Cells were cultured with phenol red-free Dulbecco's modified Eagle's medium (DMEM; Sigma-Aldrich Chemie GmbH, Munich, Germany). Peritoneal macrophages from C57BL/6 wild-type (WT), cathepsin B^-/-- (CB^-/-) (10), cathepsin K^-/-- (CK^-/-) (11), and cathepsin L^-/-- (CL^-/-) (12) mice were isolated according to Brune et al. (13) and subsequently cultured for 24 h in DMEM containing 10% fetal calf serum (FCS; Gibco™, Invitrogen, Karlsruhe, Germany). The permanent HEK 293 cell line was purchased from ATCC (CRL-1573; Manassas, VA, USA) and routinely cultured at low density in DMEM supplemented with 10% FCS. Chondrocytes were extracted from joint cartilage. Human material was taken from patients operated for knee endoprotheses (confirmation #1772-04/06, according to the university's ethical guidelines), and fresh bovine material came directly from the slaughterhouse. Chondrocytes were isolated by sequential pronase/collagenase extraction and cultured in DMEM supplemented with 5% FCS.

Cathepsin Activity Assay

For determination of enzyme activity, adherently growing cells (10⁵ cells/well) were seeded into black-walled, clear-bottom 96-well plates (Optilux™; BD Bioscences, Heidelberg, Germany). After 24 h incubation with DMEM/10% FCS, the medium was changed into serum-free and phenol red-free DMEM (100 µL) containing NSA (final concentration 10 µM). The cells were then incubated for 2 h at 37°C with the respective substrate, either alone or with inhibitor (see Table 1). All reagents were directly added to the medium.

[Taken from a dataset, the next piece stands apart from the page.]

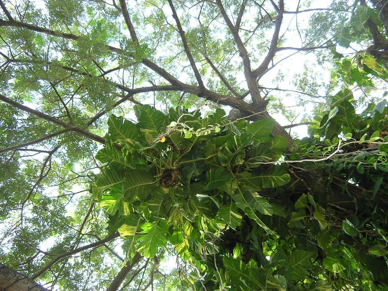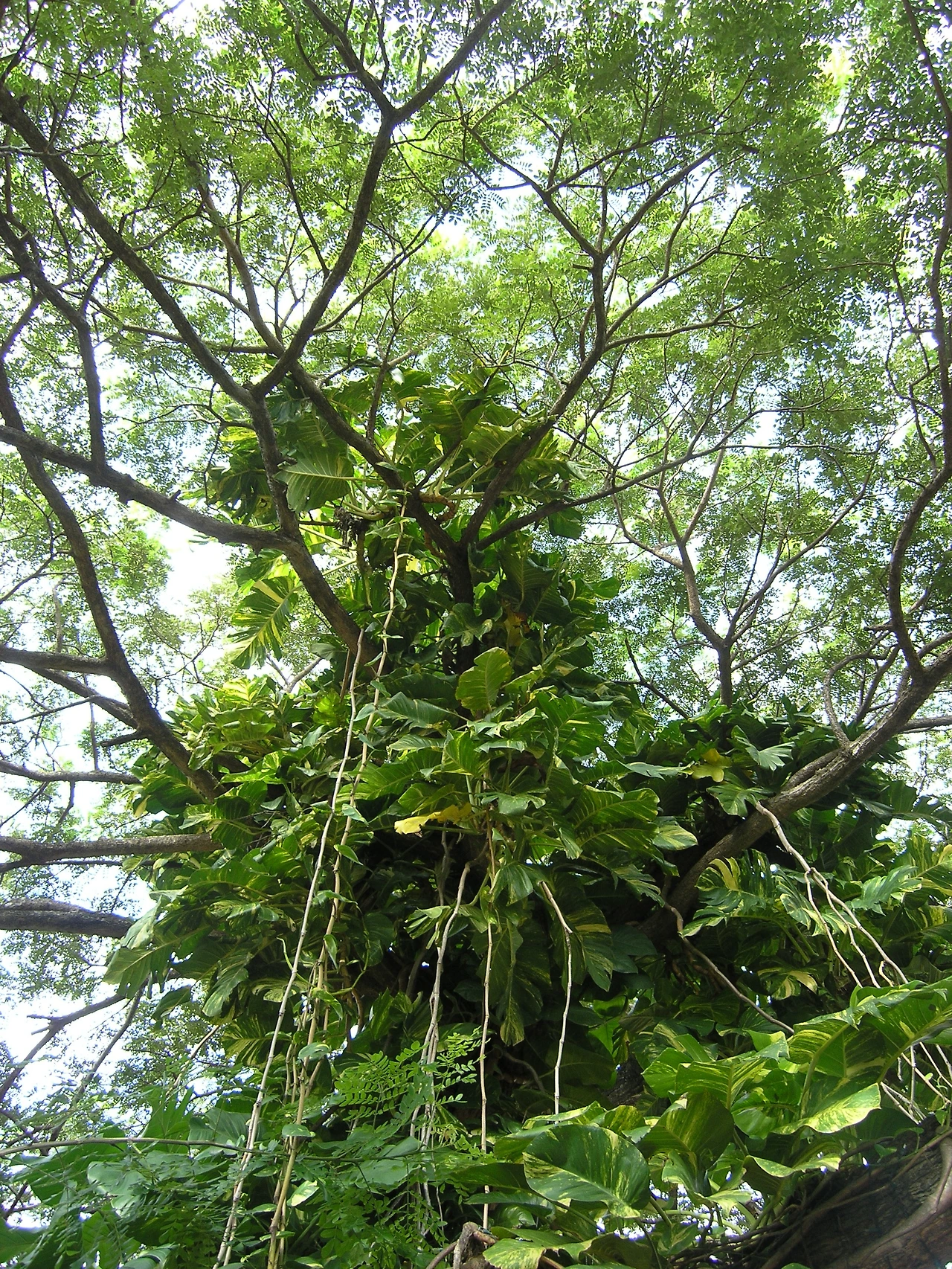 잭과 콩나무 동화에서나 상상으로 그려지곤 했던 나무 였다. 하늘로 치솟아 오르고 올라 구름위에 위치한 그 꼭대기에 외눈밖이 거인이 살고 있을 듯한 그런 나무였다. 바오밥 나무 종이 아니었을까. 녀석의 아름드리 몸통을 감싸며 공생하는 덩굴류의 기생 식물 역시 대단했다. 나무에 옷이 입혀졌다고나 할까.

The following incubation solutions were used (the final concentrations are indicated, S means the assay contains only the substrate, SI means the assay contains substrate and inhibitor). For CB: (S) 1 mM Z-RR-4MβNA; (SI) 1 mM Z-RR-4MβNA plus 1 µM CA-074Me. For CH: (SI) 1 mM H-R-4MβNA plus 1 µM bestatin. For CK: (S) 1 mM Z-GPR-4MβNA; (SI) 1 mM Z-GPR-4MβNA plus 1 µM Z-LG-ψ{CN}. For CL: (S) 0.1 mM Z-FR-4MβNA; (SI) 0.1 mM Z-FR-4MβNA plus 1 µM Z-FF-CHN₂. After 2 h, the cells were covered with 100 µL phosphate-buffered saline (PBS) at 37°C, and the microtiter plates were recorded with the Fluor-S™ MultiImager and qualified using the Quantity One® 4.2.1 Software (both from Bio-Rad Laboratories, Munich, Germany). The generated fluorescent product was determined at least in duplicates with excitation and emission wavelength of 488 and 520–530 nm (fluorescein setting), respectively. All measurements were accompanied by a negative control, which included all components of the assay except the substrates (autofluorescence). These autofluo-rescence values have to be subtracted prior calculation of the activity. The enzyme activities were calculated in the following manner: CB = CB(S)-CB(SI); CH = CH(SI); CK = CK(S)-CK(SI); CL = CL(S)-CL(SI). After another washing step with PBS at 37°C, the cells may be covered with, for example, ProLong® Antifade kit (Molecular Probes, Invitrogen, Carlsbad, CA, USA) for microscopic observation.